These studies on the motor homunculus by Penfield and colleagues in the 1950s revealed the macroscopic organization of MsI, but subsequent microelectrode studies in animals showed that MsI is composed of cortical columns. The inputs to a column consist of afferent fibres from the joint, muscle spindle and skin which are maximally activated by contraction of those muscles innervated by that same area of cortex. So, for example, a group
of cortical columns in MsI will receive sensory inputs from a finger when it is flexed – that input being provided by the skin receptors on the front of the finger, the muscle spindles in the finger flexors and the joint receptors of the finger joints. That same column will also send a projection to the motor neurones (MNs) in the spinal cord that innervate the finger flexors. Activation of the corticospinal neurone from that column will ultimately activate the receptors that project to that same column, and vice versa.

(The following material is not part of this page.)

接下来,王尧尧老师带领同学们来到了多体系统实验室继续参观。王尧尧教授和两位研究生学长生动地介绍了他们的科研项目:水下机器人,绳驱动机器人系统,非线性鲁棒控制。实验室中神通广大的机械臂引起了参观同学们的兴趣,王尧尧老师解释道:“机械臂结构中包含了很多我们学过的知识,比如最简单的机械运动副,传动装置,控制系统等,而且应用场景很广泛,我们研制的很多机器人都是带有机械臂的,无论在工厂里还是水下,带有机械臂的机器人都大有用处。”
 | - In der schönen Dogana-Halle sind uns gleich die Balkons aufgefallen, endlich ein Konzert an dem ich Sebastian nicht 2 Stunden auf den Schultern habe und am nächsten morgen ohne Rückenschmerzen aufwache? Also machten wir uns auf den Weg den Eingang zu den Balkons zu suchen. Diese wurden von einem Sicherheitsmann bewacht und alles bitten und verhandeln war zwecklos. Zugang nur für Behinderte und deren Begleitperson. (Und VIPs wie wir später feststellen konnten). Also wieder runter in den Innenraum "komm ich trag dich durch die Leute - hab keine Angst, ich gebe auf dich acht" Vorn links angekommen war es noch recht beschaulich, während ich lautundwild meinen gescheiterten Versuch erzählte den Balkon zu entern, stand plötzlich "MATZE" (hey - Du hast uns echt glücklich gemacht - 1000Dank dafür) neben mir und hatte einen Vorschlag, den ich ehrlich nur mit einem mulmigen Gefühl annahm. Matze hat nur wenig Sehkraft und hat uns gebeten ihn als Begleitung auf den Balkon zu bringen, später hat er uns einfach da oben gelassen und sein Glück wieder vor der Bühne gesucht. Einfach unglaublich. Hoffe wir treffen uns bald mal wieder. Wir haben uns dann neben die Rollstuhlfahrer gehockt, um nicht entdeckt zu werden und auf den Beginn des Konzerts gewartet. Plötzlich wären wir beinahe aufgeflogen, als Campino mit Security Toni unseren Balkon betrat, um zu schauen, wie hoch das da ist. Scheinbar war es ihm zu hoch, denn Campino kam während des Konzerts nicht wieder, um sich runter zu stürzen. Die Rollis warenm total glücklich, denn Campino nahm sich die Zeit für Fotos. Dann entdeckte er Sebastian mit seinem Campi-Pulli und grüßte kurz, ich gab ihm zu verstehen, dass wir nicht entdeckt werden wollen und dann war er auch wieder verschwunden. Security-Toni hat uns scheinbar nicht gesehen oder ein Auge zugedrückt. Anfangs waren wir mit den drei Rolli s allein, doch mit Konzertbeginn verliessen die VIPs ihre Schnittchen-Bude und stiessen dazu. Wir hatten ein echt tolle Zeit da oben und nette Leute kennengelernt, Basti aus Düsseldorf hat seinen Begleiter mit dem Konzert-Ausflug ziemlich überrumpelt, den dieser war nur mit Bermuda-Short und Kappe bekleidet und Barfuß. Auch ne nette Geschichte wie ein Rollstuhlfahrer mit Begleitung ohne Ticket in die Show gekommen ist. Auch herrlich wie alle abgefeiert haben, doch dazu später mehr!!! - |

Thus, each column is said to have input–output coupling and this may be important in the more complex reflex control of movement as, for example, with the long–latency or transcortical reflexes. These reflexes refer to the delayed and smaller electromyographical (EMG) changes that are seen following the sudden stretch of a muscle – the first EMG change being the M1 response of the monosynaptic stretch. The afferent limb of the transcortical reflex is from the muscle spindle input via the Ia fibre (relayed via the dorsal column–medial lemniscal pathway) and the efferent pathway involves the corticospinal tract (CoST). The exact role of this reflex is not known but it may be important in controlling movements precisely, especially when unexpected obstacles are encountered which activate the muscle spindle.

There has been great controversy as to whether MsI controls individual muscles, simple movements or some other aspect of movements. Neurones within MsI fire before any EMG changes and appear to code for the direction and force of a movement, although this activity is dependent on the nature of the task being performed. Therefore, as a whole, the motor cortex controls movement by its innervation of populations of MNs, as individual corticospinal axons innervate many different MNs.

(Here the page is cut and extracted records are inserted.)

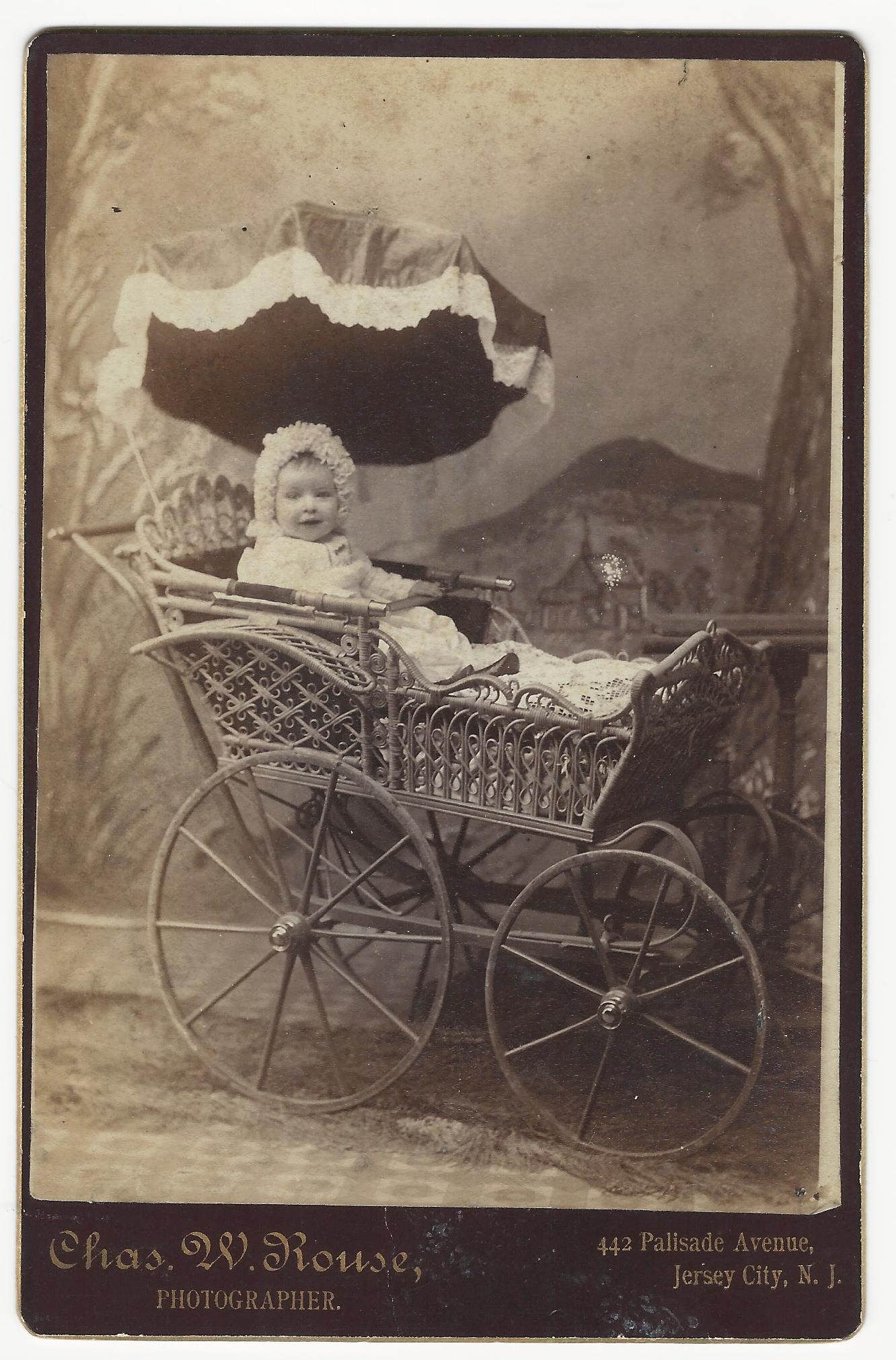 This cabinet card portrait features a baby sitting in a baby carriage. The carriage is a deluxe baby transporter. The vehicle looks well built and sits high off the ground. The carriage is accessorized with a large umbrella to protect the child from the sun or rain. The photographer of this image is Charles W. Rouse. He operated a photography studio in Jersey City, New Jersey. A list of early New Jersey photographers reveal that Charles Rouse operated out of at least six addresses in Jersey City during his career. In addition, at one point he ran a studio in Belmar, New Jersey. He conducted business at the address listed on this photograph (442 Palisade Avenue) between 1888 and 1894. (SOLD)
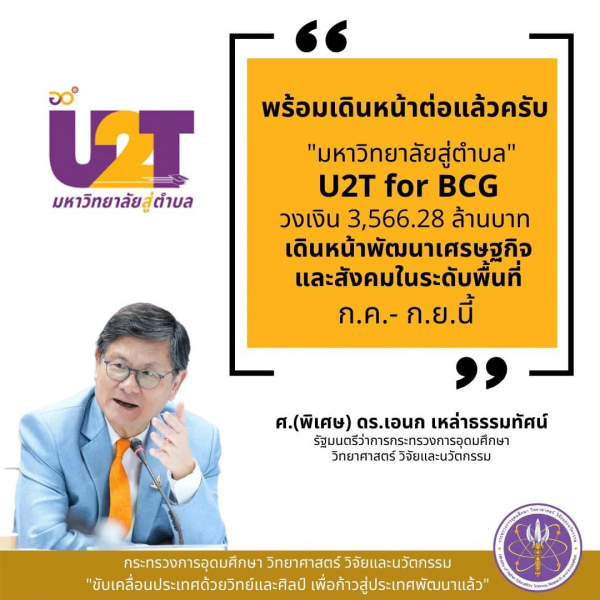 เดินหน้าต่อกันครับกับ "โครงการมหาวิทยาลัยสู่ตำบล U2T for BCG”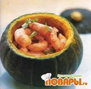 Перемешиваем, добавляем креветки и базилик и прогреваем. Приправлять специями следует по вкусу. Выкладываем креветки в готовую испеченную тыкву и посыпаем зеленью кориандра и базилика.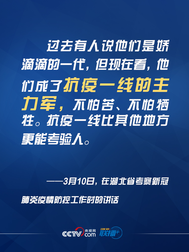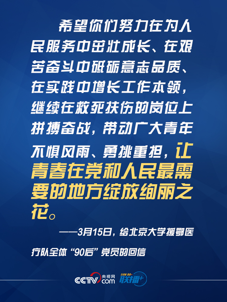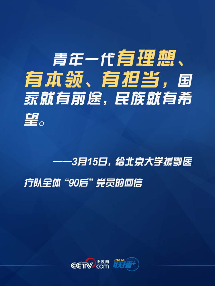 在这次抗击疫情的斗争中,以“90后”为代表的青年一代挺身而出、担当奉献,在4.2万多名驰援湖北的医护人员中,就有1.2万多名是“90后”,其中相当一部分还是“95后”甚至“00后”。央视网《联播+》特梳理总书记对新一代青年的深情赞誉和嘱托,和广大青年一起在党和人民最需要的地方绽放绚丽之花。

MsI is capable of being remodelled after lesions or changes in sensory feedback, implying that it maintains a flexible relationship with the muscles throughout life. Thus, cells in a region of MsI can shift from the control of one set of muscles to a new set. Within given areas of cortex there is some evidence that synaptic strengths can be altered with long–term potentiation, which suggests that the MsI may be capable of learning new movements,
a function traditionally ascribed to the cerebellum.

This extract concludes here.